Sully F. Chen, Robert J. Steele, Beakal Lemeneh, Shivanand P. Lad, Eric Oermann

2024-09-02

Large-Scale Multi-omic Biosequence Transformers for Modeling Peptide-Nucleotide Interactions

Summary

This paper talks about a new approach to using transformer models in bioinformatics to study how peptides (short chains of amino acids) and nucleotides (building blocks of DNA and RNA) interact with each other.

What's the problem?

Most research in bioinformatics has focused on either peptides or nucleotides separately, which means we lack models that can effectively analyze how these two important biological components interact. This limits our understanding of many biological processes.

What's the solution?

The authors introduce a new type of model called a multi-omic foundation model that can learn from both peptide and nucleotide data at the same time. They trained this model using a dataset that includes various sequences without needing any labeled data. The model can predict important interactions, such as how changes in nucleotide sequences affect their binding with peptides, achieving high accuracy in its predictions.

Why it matters?

This research is significant because it helps scientists better understand the complex interactions between different biological molecules.
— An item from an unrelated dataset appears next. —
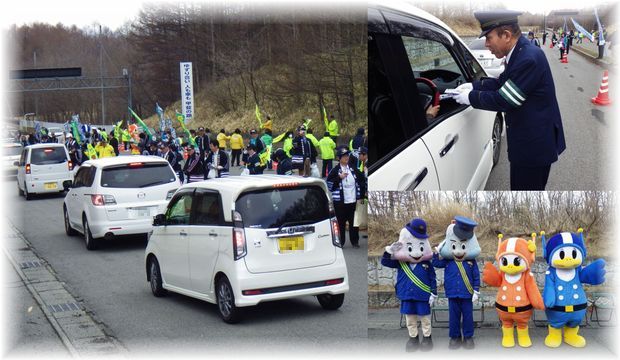 【交通安全の呼び掛け】北杜署は、国道20号で長野県警茅野署と、国道141号で長野県警佐久署と合同で街頭指導を行いました

By developing models that can analyze multiple types of biological data together, we can gain insights that could lead to advancements in areas like drug development and personalized medicine.

Abstract

The transformer architecture has revolutionized bioinformatics and driven progress in the understanding and prediction of the properties of biomolecules. Almost all research on large-scale biosequence transformers has focused on one domain at a time (single-omic), usually nucleotides or peptides. These models have seen incredible success in downstream tasks in each domain and have achieved particularly noteworthy breakthroughs in sequences of peptides and structural modeling. However, these single-omic models are naturally incapable of modeling multi-omic tasks, one of the most biologically critical being nucleotide-peptide interactions. We present our work training the first multi-omic nucleotide-peptide foundation models. We show that these multi-omic models (MOMs) can learn joint representations between various single-omic distributions that are emergently consistent with the Central Dogma of molecular biology, despite only being trained on unlabeled biosequences. We further demonstrate that MOMs can be fine-tuned to achieve state-of-the-art results on peptide-nucleotide interaction tasks, namely predicting the change in Gibbs free energy ({\Delta}G) of the binding interaction between a given oligonucleotide and peptide, as well as the effect on this binding interaction due to mutations in the oligonucleotide sequence ({\Delta}{\Delta}G). Remarkably, we show that multi-omic biosequence transformers emergently learn useful structural information without any prior structural training, allowing us to predict which peptide residues are most involved in the peptide-nucleotide binding interaction. Lastly, we provide evidence that multi-omic biosequence models are non-inferior to foundation models trained on single-omics distributions, suggesting a more generalized or foundational approach to building these models.